Accessing Encrypted Data
This week’s reading gives you basic technical information about passwords and encryption, and how to recover data protected by these mechanisms. There is also a section on Steganography, which literally translated means “covered writing.” When some people think of steganography, or “stego,” they think of documents or other data files being hidden in other file types (usually image/picture files). This is something that is used frequently in secreting child pornography to avert detection. Interestingly, the use of stego goes much farther back than the use of computers.
Like cryptology, steganography is used to hide something in something else. So, even though a code breaker can detect the hidden code, they may not be aware that the code actually contains a different message. Cryptography scrambles a message so that it is unreadable, but still visible, while stego camouflages data to hide it or make it undetectable. This course is not meant to teach you about the technical details of encryption or passwords or steganography (entire books are written on each of those subjects), but rather to help you understand their place in the criminal justice process.

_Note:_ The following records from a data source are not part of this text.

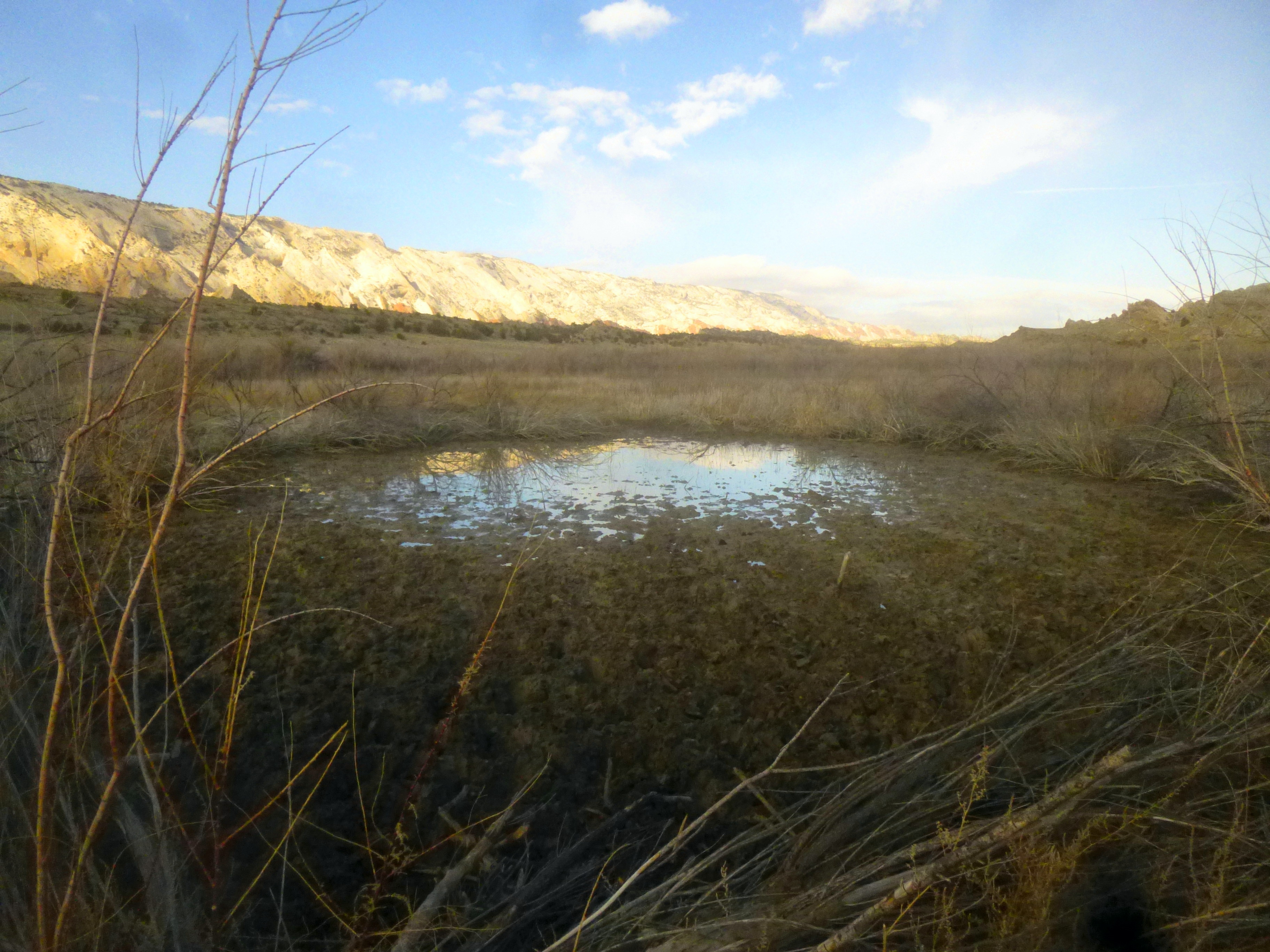 Skirting the southern edge of the “lake” (when I was there, it was simply a collection of mud and brush, with a tiny pool of standing water maybe 20 feet wide), there is an old metal register revealing the pond’s true name: Bitter Creek Reservoir, constructed 1945. As this is one of only a handful of watering holes in the area, you are likely to encounter a herd of cattle grazing around the lake in the winter. On the day my colleague Sandy and I explored this route, the bovine creatures eyed us with suspicion: it’s not too often they see humans around these parts.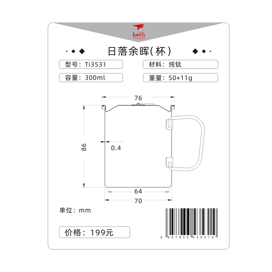 Cốc Titanium Keith có tay cầm và nắp đậy họa tiết Sunset Glow, Wild Camp Ti3533/ Ti3534/ Ti3531/ Ti3532/ Ti3536/ Ti3538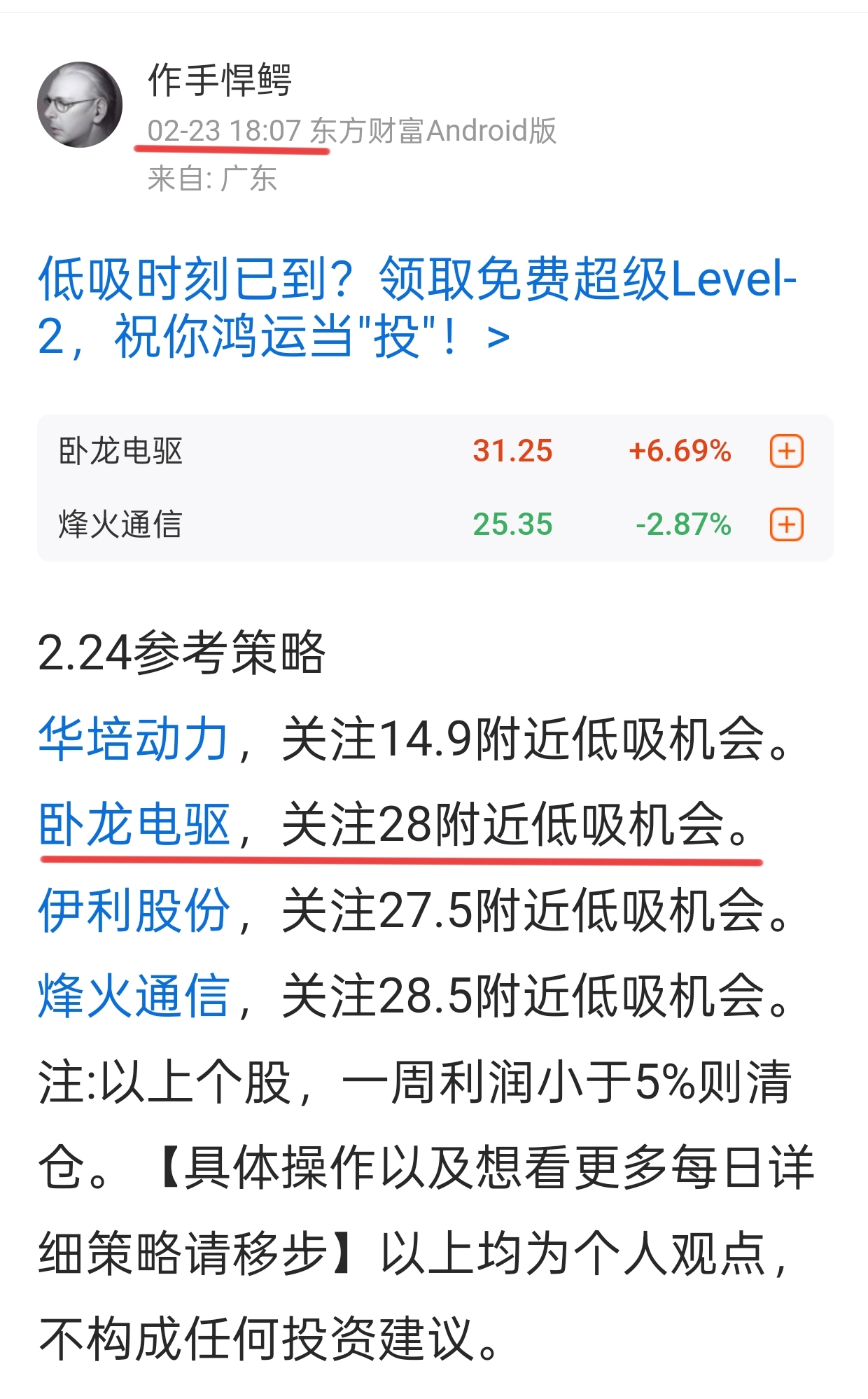 郑重声明:用户在财富号/股吧/博客等社区发表的所有信息(包括但不限于文字、视频、音频、数据及图表)仅代表个人观点,与本网站立场无关,不对您构成任何投资建议,据此操作风险自担。请勿相信代客理财、免费荐股和炒股培训等宣传内容,远离非法证券活动。请勿添加发言用户的手机号码、公众号、微博、微信及QQ等信息,谨防上当受骗!

Does a warrant give you the authority to break passwords protecting information or to decipher encrypted data? This is a very important question. As many of you have discussed in our previous week’s discussions, it is important to make sure you know the limits of your warrant. But while you are conducting a search with a properly executed warrant, you may come across other information that is not included in your scope, but is still evidence of a crime. For example, imagine you are searching a hard drive for information related to a fraud scheme. While you are looking through the files you come across a picture that is obviously child pornography, but you do not have child pornography addressed in any way within your warrant. What do you do? The proper response is to stop the search and obtain another warrant for evidence related to child pornography. The same thing applies to discovering encrypted data. In your affidavit you should explain that criminals sometimes encrypt files that contain evidence. Some may even use steganography techniques to hide other files.

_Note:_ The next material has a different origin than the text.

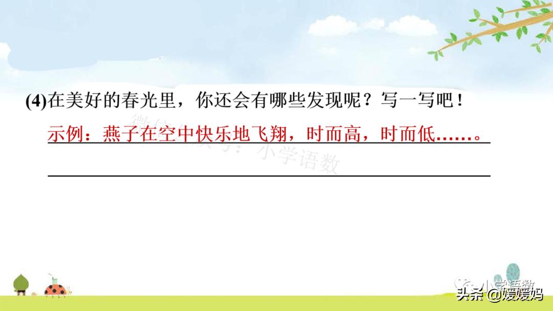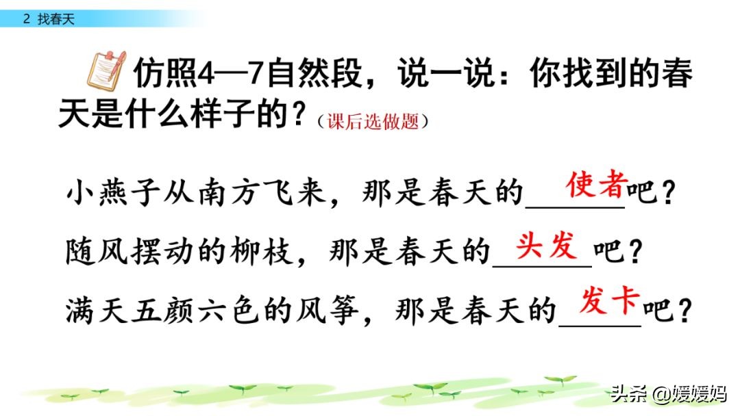 选做:你找到的春天是什么样的?仿照第4?7自然段或第8自然段说一说。

For this week’s discussion, complete the following questions below in detail. Please discuss thoroughly and substantively in your post. You are not required to respond to a classmate in this week’s discussion, however, respond in a thorough, substantive, intelligent way to your fellow classmates will add to our discussion and learning of this week’s topic!
1) List and explain five (5) examples of how steganography were used BEFORE the advent of computers.
2) List and explain five (5) examples of how encryption (or cryptology) were used BEFORE the advent of computers.
3) Discuss how steganography and encryption could be used legitimately, and why this could cause you a problem as a computer forensic examiner.